AHTN was administered at dosages of 0 (Control), 2, 6 or 20 mg/kg/day once daily by gavage to groups of 28 time-mated animals from Day 14 of pregnancy (end of organogenesis) through to weaning on Day 21 Post partum. The females were allowed to litter and rear their young to weaning (litters were standardised to 8 pups on Day 4 post partum). From these litters, selected offspring were retained (24 males and females per group) to maturity and assessed for behavioural changes and reproductive capability. The only exposure the F1 generation had to the test substance was in utero during the peri-natal phase or through any transfer in the milk of the lactating dams.

Apart from occasional, but not dosage-related, occurrences of salivation after dosing there were no apparent effects of treatment in any of the treated parent females during pregnancy or lactation. No effects were apparent on development of the foetus during the late pre-natal phase on post natal growth, development, performance in specific behavioural tests and reproductive capacity of the offspring.

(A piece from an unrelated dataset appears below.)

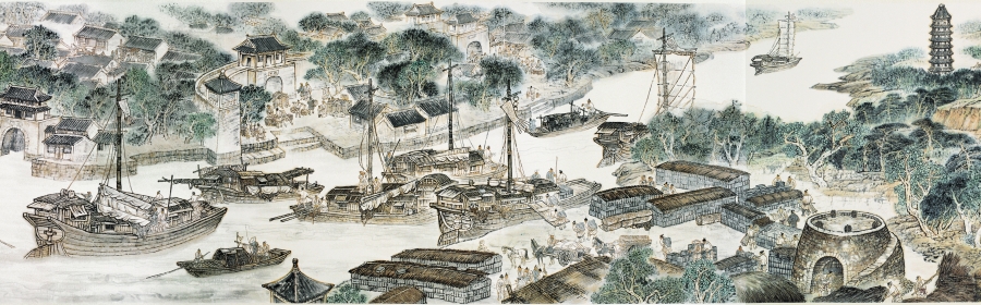 緣于“北京是運(yùn)河漂來(lái)的”,北京大運(yùn)河翰林文化開(kāi)發(fā)中心組織書(shū)畫(huà)家、專家、學(xué)者三百余人,耗資逾千萬(wàn)元,歷時(shí)八年組織創(chuàng)作了《京門(mén)九衢圖》及《古運(yùn)回望圖》姊妹篇。主創(chuàng)團(tuán)隊(duì)成員83人均為國(guó)家頂級(jí)畫(huà)家,采用中國(guó)傳統(tǒng)繪畫(huà)的長(zhǎng)卷形式進(jìn)行創(chuàng)作和表現(xiàn),以“工兼寫(xiě)”的手法,還原康乾盛世老北京城各城門(mén)的功能作用和規(guī)劃藝術(shù),采用由外觀內(nèi)的方式,以通州大運(yùn)河入通惠河過(guò)西便門(mén)講起,繞皇城后至廣安門(mén)結(jié)束。

Since no adverse effects were detected, no LOAEL can be established, and the NOAEL is higher than or equal to the highest dose tested, thus ≥20 mg/kg bw/day.

 

AHTN was tested for developmental toxicity in rats (25/group, 3 groups/fragrance, 2 fragrances/corn oil control). Dosages tested was 5, 15, 50 mg/kg per day. These dosages exceeded multiples of the estimated maximal daily human dermal exposure. Treatment (gavage, 5 ml/kg) occurred on days 7-17 of gestation and Caesarean-sectioning on day 20 of gestation. Based on the results of these studies, none of the four fragrances tested were more toxic in the conceptuses than in the dams. Maternal NOAEL was 5 mg/kg per day (50 mg/kg per day caused clinical signs and reduced weight gain and feed consumption). Developmental NOAEL was 50mg/kg per day. No adverse effects on embryo-foetal viability, growth or morphology occurred at the highest dosages of AHTN (50 mg/kg per day). The results of this study indicate that under conditions of normal use, the test fragrances do not pose a risk to human conceptuses.

Justification for classification or non-classification

Based on the available information classification for toxicity to reproduction is not warranted in accordance with EU Classification, Labelling and Packaging of Substances and Mixtures (CLP) Regulation No. 1272/2008.